1.2 Scientific Inquiry

Learning Objectives

You will be able to explain science as a process and as a way of understanding the natural world.  This includes an understanding that:

  • scientific knowledge is based on empirical evidence that is repeatedly examined through the scientific method and can change with new information
  • scientific research studies must be carefully designed; that is, data must be collected, analyzed and interpreted in a rigorous manner
  • results of scientific research must be effectively communicated to the scientific community and the public
  • science has a significant impact on society and has the potential to provide benefits but also to the potential to do considerable harm, so the proper role of science must always be debated

Biology is a science, but what exactly is science? What does the study of biology share with other scientific disciplines? Science (from the Latin scientia, meaning “knowledge”) can be defined as knowledge that covers general truths or the operation of general laws, especially when acquired and tested by the scientific method. It becomes clear from this definition that the application of the scientific method plays a major role in science. The scientific method is the process of producing knowledge using a defined set of steps. One of the most important aspects of this method is the hypothesis, which is a suggested explanation of an observation. It is often referred to as an “educated guess” because the explanation is usually based on already-confirmed knowledge of similar phenomena (“educated”) but it has not yet been confirmed (“guess”). This potential explanation must be testable using experiments and/or further observations. Thus, the scientific method relies on empirical information – events that can be observed, such as seeing an animal respond to a stimulus, and measured, such as recording the height of a plant or counting the number of cells in a sample of blood. Scientists refer to this information as data.

1.2.1 Scientific Method

Designing the Scientific Study

Gaining scientific knowledge about the natural world requires a researcher to carefully follow a series of steps that ensure the rigor and reliability of the results (Figure 1.6). This section will detail each of these steps.

 

Figure 1.6. A summary of the steps of the scientific method.

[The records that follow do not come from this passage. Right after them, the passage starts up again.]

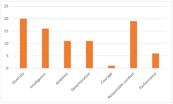 Athletes who manage to be successful in a competitive activity and at the same time are aware of the importance of a broad approach to their training present a series of clearly defined characteristics in the answers obtained. The dominant trait, in the view of the respondents, is intelligence, followed by ambition and determination (Figure 2, attributes that are essential for a champion profile).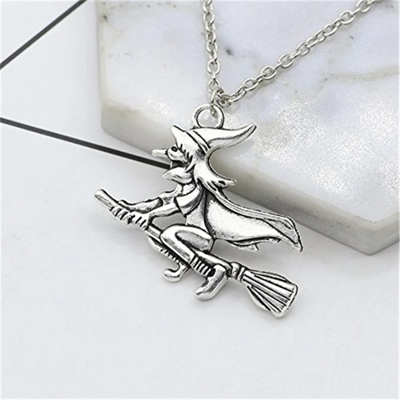Ожерелье с подвеской ведьма на метле, аксессуар для нее, модное ювелирное изделие в подарок на Хэллоуин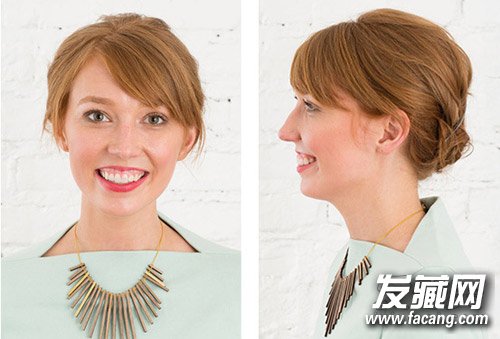 斜刘海既修颜又添加温婉气质,其余头发全部盘起来,非常清爽,而蓬松的头顶头发修饰MM头型。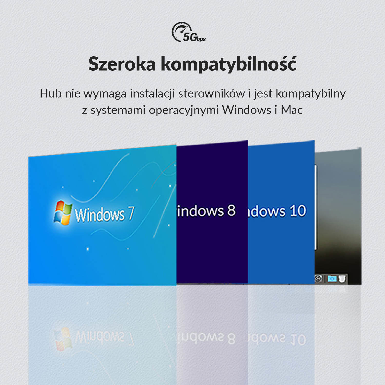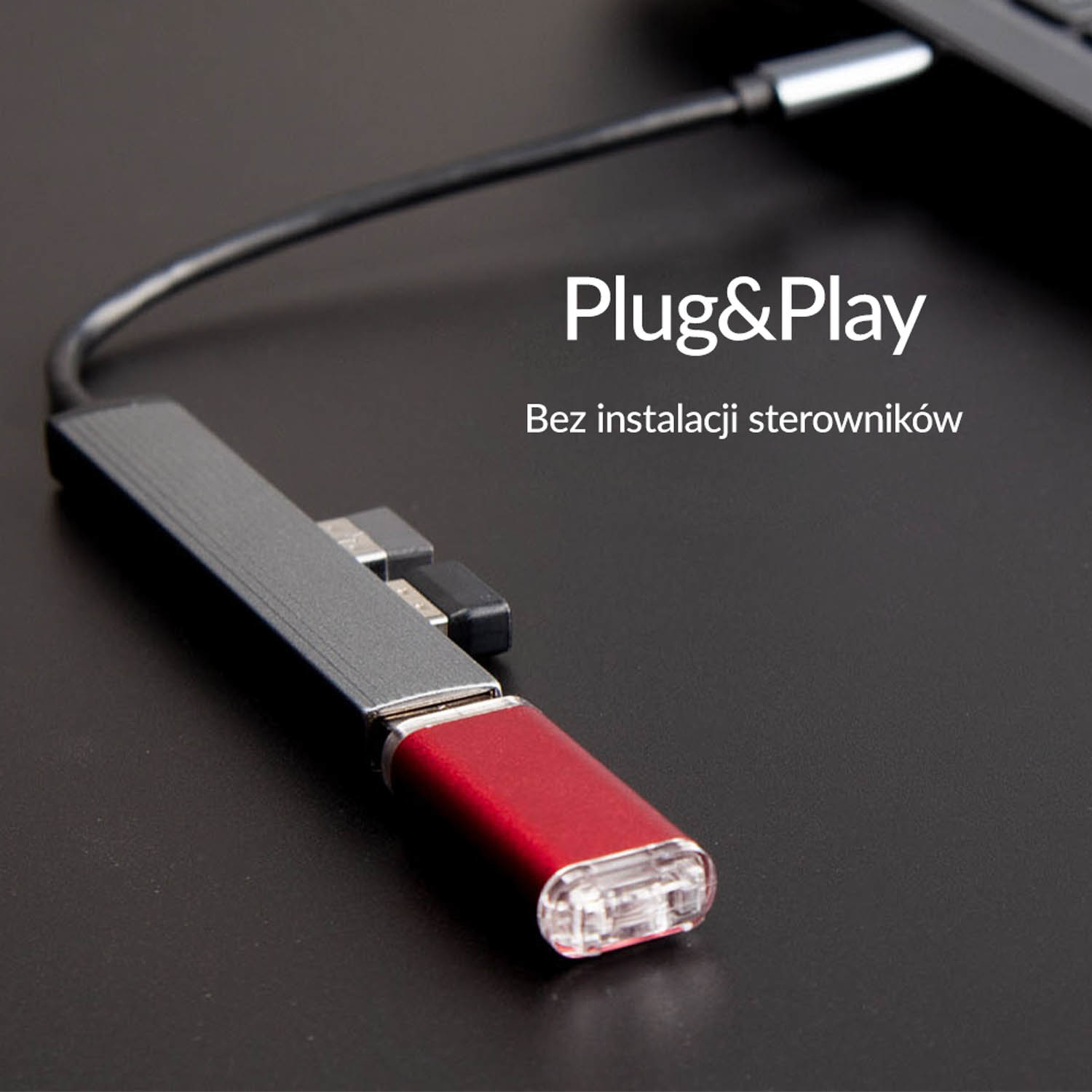 Hub jest bardzo prosty w obsłudze. Wystarczy, że podłączysz go do włączonego urządzenia. Nie wymaga instalacji sterowników i współpracuje z systemami operacyjnymi Windows, Mac i Linux. Komfortowe korzystanie z huba zapewnia giętki, wbudowany przewód o długości 15 cm zakończony wtykiem USB-C.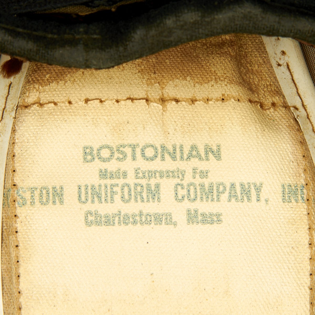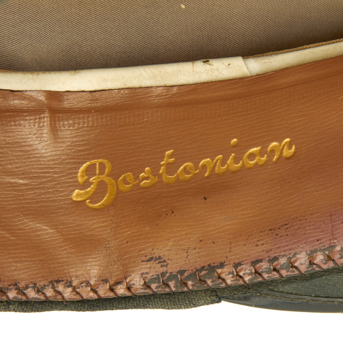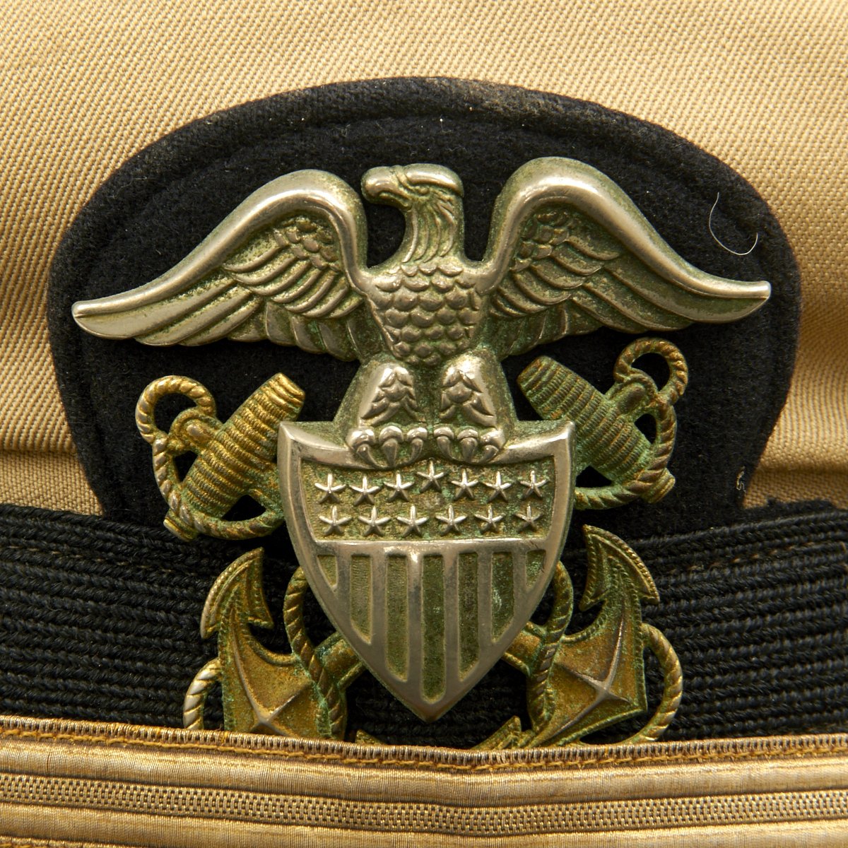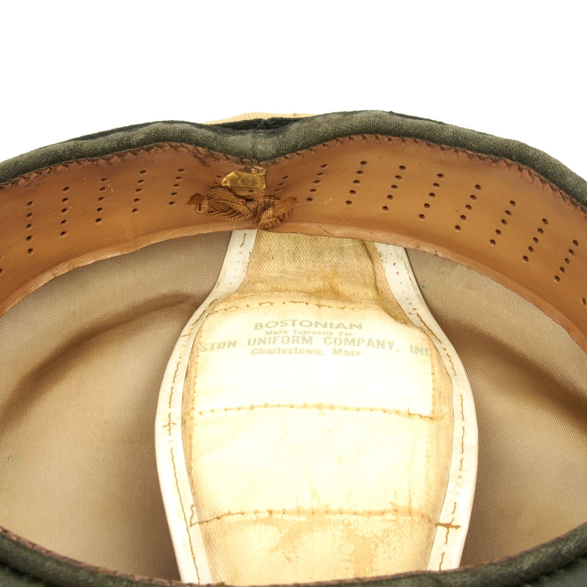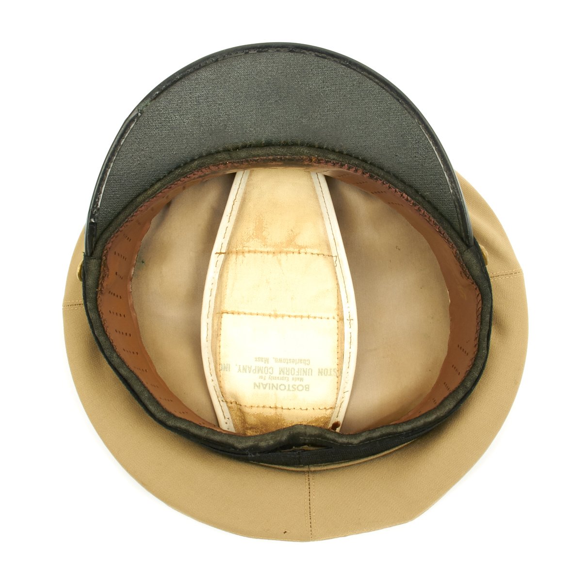 Original Item: One-of-a-kind. This is an original "Bostonian" model U.S. Navy Officer's Visor cap in summer Khaki issue color, was made for BOSTON UNIFORM COMPANY, INC., as marked on the top strap. The sweatband is embossed with Bostonian in gold, and there is still a faded paper tag on the back with the size 7 3/8. The cap still has the original size tag with the same size marked. The front of the cap has a stamped officer's Eagle badge over brass crossed anchors.

The scientific process typically starts with an observation (often a problem to be solved) that leads to a research question that the study is attempting to answer. Let’s think about a simple problem that starts with an observation and apply the scientific method to solve the problem. One Monday morning, a student arrives at class and quickly discovers that the classroom is too warm. That is an observation that also describes a problem: the classroom is too warm. The student then asks a question: “Why is the classroom so warm?” Recall that a hypothesis is a suggested explanation that can be tested. To solve a problem, several hypotheses may be proposed. For example, one hypothesis might be, “The classroom is warm because no one turned on the air conditioning.” But there could be other responses to the question, and therefore other hypotheses may be proposed. A second hypothesis might be, “The classroom is warm because there is a power failure, and so the air conditioning doesn’t work.” A hypothesis must be testable to ensure that it is valid. For example, a hypothesis that depends on what a bear thinks is not testable, because it can never be known what a bear thinks. It should also be falsifiable, meaning that it can be disproven by experimental results. An example of an unfalsifiable hypothesis is “Botticelli’s Birth of Venus is beautiful.” There is no experiment that might show this statement to be false.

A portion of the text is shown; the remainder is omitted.